**Available data:**
===
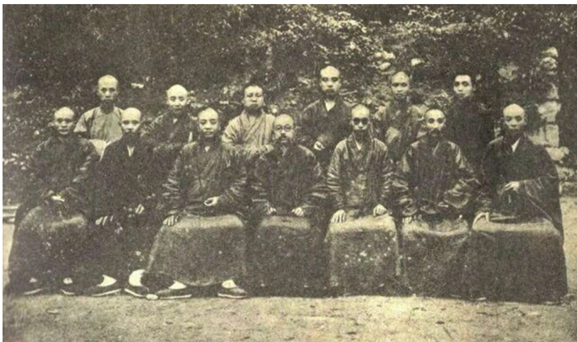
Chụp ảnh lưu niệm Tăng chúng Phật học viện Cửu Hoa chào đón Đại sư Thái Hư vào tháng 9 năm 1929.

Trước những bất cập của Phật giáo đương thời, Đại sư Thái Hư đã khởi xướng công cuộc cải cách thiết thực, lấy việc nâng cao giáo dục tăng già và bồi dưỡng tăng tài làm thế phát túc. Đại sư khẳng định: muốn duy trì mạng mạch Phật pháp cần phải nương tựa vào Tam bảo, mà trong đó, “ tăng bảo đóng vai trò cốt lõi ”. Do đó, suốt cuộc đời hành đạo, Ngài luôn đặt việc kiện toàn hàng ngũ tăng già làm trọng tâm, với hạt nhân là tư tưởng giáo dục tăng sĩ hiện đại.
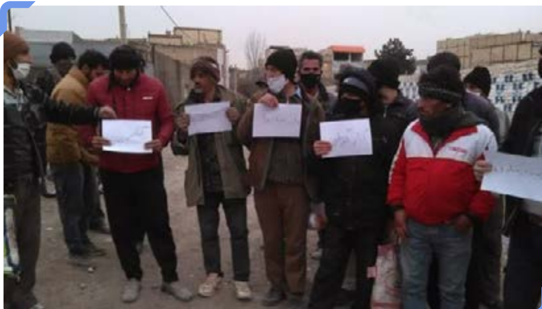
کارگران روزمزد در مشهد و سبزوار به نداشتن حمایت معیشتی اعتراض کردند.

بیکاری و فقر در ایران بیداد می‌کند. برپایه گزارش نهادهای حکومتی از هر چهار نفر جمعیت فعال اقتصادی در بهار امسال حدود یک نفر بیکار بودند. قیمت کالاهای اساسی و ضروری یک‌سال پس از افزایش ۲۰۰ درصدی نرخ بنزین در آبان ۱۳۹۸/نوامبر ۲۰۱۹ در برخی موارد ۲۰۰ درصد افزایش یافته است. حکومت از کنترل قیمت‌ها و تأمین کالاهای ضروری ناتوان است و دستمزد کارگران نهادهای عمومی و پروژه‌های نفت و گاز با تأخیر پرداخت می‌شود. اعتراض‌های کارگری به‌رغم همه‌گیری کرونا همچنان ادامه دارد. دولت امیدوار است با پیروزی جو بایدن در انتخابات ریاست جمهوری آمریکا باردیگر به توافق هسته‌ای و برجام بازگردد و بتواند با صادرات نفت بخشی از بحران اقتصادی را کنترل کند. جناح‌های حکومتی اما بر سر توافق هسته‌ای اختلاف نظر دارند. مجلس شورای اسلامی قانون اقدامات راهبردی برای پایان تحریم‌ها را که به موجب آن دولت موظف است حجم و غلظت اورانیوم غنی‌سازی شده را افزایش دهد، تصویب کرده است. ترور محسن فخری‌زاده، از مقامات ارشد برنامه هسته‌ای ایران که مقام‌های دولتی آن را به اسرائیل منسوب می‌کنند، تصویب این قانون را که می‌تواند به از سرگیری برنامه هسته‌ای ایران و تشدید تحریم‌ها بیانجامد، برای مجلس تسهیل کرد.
===
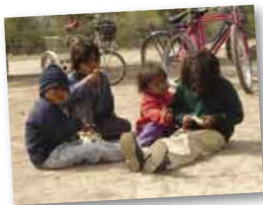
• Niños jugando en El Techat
===
From the listing above, repeat only the lines between the line containing "Chụp ảnh lưu" and the line containing "کارگران روزمزد در", those two included. Pictures are not part of the copy.

Chụp ảnh lưu niệm Tăng chúng Phật học viện Cửu Hoa chào đón Đại sư Thái Hư vào tháng 9 năm 1929.

Trước những bất cập của Phật giáo đương thời, Đại sư Thái Hư đã khởi xướng công cuộc cải cách thiết thực, lấy việc nâng cao giáo dục tăng già và bồi dưỡng tăng tài làm thế phát túc. Đại sư khẳng định: muốn duy trì mạng mạch Phật pháp cần phải nương tựa vào Tam bảo, mà trong đó, “ tăng bảo đóng vai trò cốt lõi ”. Do đó, suốt cuộc đời hành đạo, Ngài luôn đặt việc kiện toàn hàng ngũ tăng già làm trọng tâm, với hạt nhân là tư tưởng giáo dục tăng sĩ hiện đại.
کارگران روزمزد در مشهد و سبزوار به نداشتن حمایت معیشتی اعتراض کردند.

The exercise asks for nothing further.